André Desvallées (20 July 1931 – 5 June 2024) was a French museologist and Honorary General Conservator of Heritage. For 18 years, from 1959 to 1977, he was assistant to Georges Henri Rivière, considered the "father of French museology". He had a leading role in the development of this discipline, and in the creation and definition of several concepts, including "New Museology." An active member of the International Committee of Museology, the ICOFOM, he was the author of a hundred books and articles in the areas of ethnology and museology.

== Biography ==
Desvallées was born in Gouville-sur-Mer, Normandy in 1931. He moved to the suburbs of Paris to attend secondary school at the Lycée Pasteur in Neuilly-sur-Seine. His first vocation was cinema: he developed the admission exam at the Institut des hautes études cinématographiques, IDHEC, currently La Fémis, an acronym corresponding to his former name, Fondation européenne des métiers de l'image et du son (European Foundation for Image and Sound) and became editor of the Cinema Center (CNC), position he held for eight months.
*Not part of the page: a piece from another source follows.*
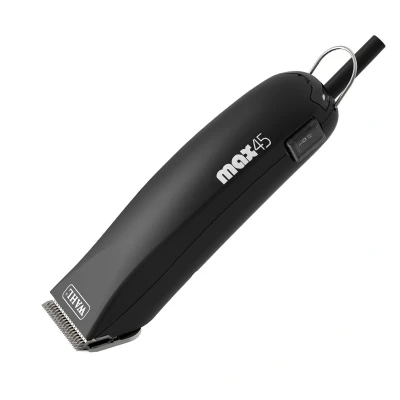 {{widget type="MagentoCmsBlockWidgetBlock" template="widget/static_block/default.phtml" block_id="1170" type_name="CMS Static Block"}} Wahl Max 45 Clipper The Wahl Max 45 2-speed professional clipper is designed with a PowerDrive Performance system, making it ideal for cutting through the thickest coats on dogs, cats, horses, and livestock. The clever fan-cooled motor ensures cooler operation and longer life, while its ergonomic and lightweight design provides comfort and control. The Pivot gear system reduces vibration, and the sealed motor requires no maintenance. At 70dB this clipper is one of the quietest available and on the lower speed setting is great for clipping nervous animals. Features Powerful 2-Speed DC Motor: Quiet (70dB), minimal vibration, and cool running technology with speeds of 2400/3000 RPM. Ergonomic Design: Comfortable use with excellent weight distribution, making it small but powerful. Detachable Air Filter: For easy cleaning and maintenance. Heavy Duty Clipping: Designed for body clipping and trimming dogs, cats, horses, and livestock. Ultra-Flexible Mains Cable: 3 meters long with a suspension ring for convenient storage. Specifications Dimensions: 18.5 x 5 x 5 cm Weight: 370 grams Motor: Rotary Motor Speed Options: 2 (2400/3000 SPM) Noise Level: 70dB Cord Length: 3 meters Warranty: 12 Months Power: 240v | 50Hz What's in the Box? Wahl Max 45 corded 2-speed clipper #10 Competition Series snap on blade Blade oil Cleaning Brush large cleaning brush Storage case Instruction booklet To Remove/Attach Your Blade: To remove the blade, push in the grey, arrowed release button below your clipper blade then gently pull the blade away until it pops out, allowing you to slide it free. To re-attach/replace the blade, simply slot the blade back into the clipper and push down on the tooth side until it clips back into place (Take care when applying pressure to your blade to avoid doing any damage to the teeth). Maintenance To ensure the longevity and performance of your clipper or trimmer, regular oiling is recommended: Blades: Should be oiled after cleaning with Hygienic spray. Clippers: Should be oiled with Blade oil after each use. Trimmers: Should be oiled once a day or after several uses. Frequently Bought Together {{widget type="MagentoCatalogWidgetBlockProductProductsList" template="Magento_PageBuilder::catalog/product/widget/content/carousel.phtml" anchor_text="" id_path="" show_pager="0" products_count="8" condition_option="sku" condition_option_value="8011, 812215, 827219, 2586, 4042, 880172, 8026, 845423" type_name="Catalog Products Carousel" conditions_encoded="^[`1`:^[`aggregator`:`all`,`new_child`:``,`type`:`Magento||CatalogWidget||Model||Rule||Condition||Combine`,`value`:`1`^],`1--1`:^[`operator`:`()`,`type`:`Magento||CatalogWidget||Model||Rule||Condition||Product`,`attribute`:`sku`,`value`:`8011, 812215, 827219, 2586, 4042, 880172, 8026, 845423`^]^]" sort_order="date_newest_top"}} Wahl Wahl has over 100 years’ experience in grooming. With humble beginnings as a family-owned clipper manufacturer, Wahl soon expanded to new areas and has become one of the most recognised brands in the pet grooming industry and continued to go from strength to strength. Using a combination of experience and innovation, Wahl continues to provide groomers with top-quality dog grooming clippers and trimmers, comb guides, and a fantastic range of wet products including shampoo for dogs, detangling sprays and conditioners for both home and salon use. Built to perform and constantly pushing the boundaries of innovation, Wahl products make the perfect addition to any salon. Still a family-owned business today, Wahl’s unwavering commitment to quality and service has kept the brand at the pinnacle of professional products for over 100 years and counting.

At this time he met the future director and television producer Michel Subiela and, a few years later, he met Bernard Chardère, the founder of Positif magazine, in which he collaborated in 1953. Then, he moved to Morocco where he started a career in museums, including the Museum of Popular Arts and Traditions of Rabat. He served the Army in Oran, Algeria, from 1956 to 1958, and then, returned to France.

After his return to France, Desvallées was hired by Georges Henri Rivière, considered the "father of French museology", founder of the National Museum of Popular Arts and Traditions (MNATP) in Paris, and Director of the International Council of Museums (ICOM) from 1946 to 1962. Rivière entrusted to Desvallées the coordination of the museographic conception of the MNATP and the direction of the institution's department of museology, a position he held from 1959 to 1977. During his management he was responsible for the program of temporary exhibitions and for the three permanent exhibition halls where the study gallery was established in 1972 and three years later, the cultural gallery. At the time of its inauguration, the National Museum of Popular Arts and Traditions was considered one of the most innovative in the world.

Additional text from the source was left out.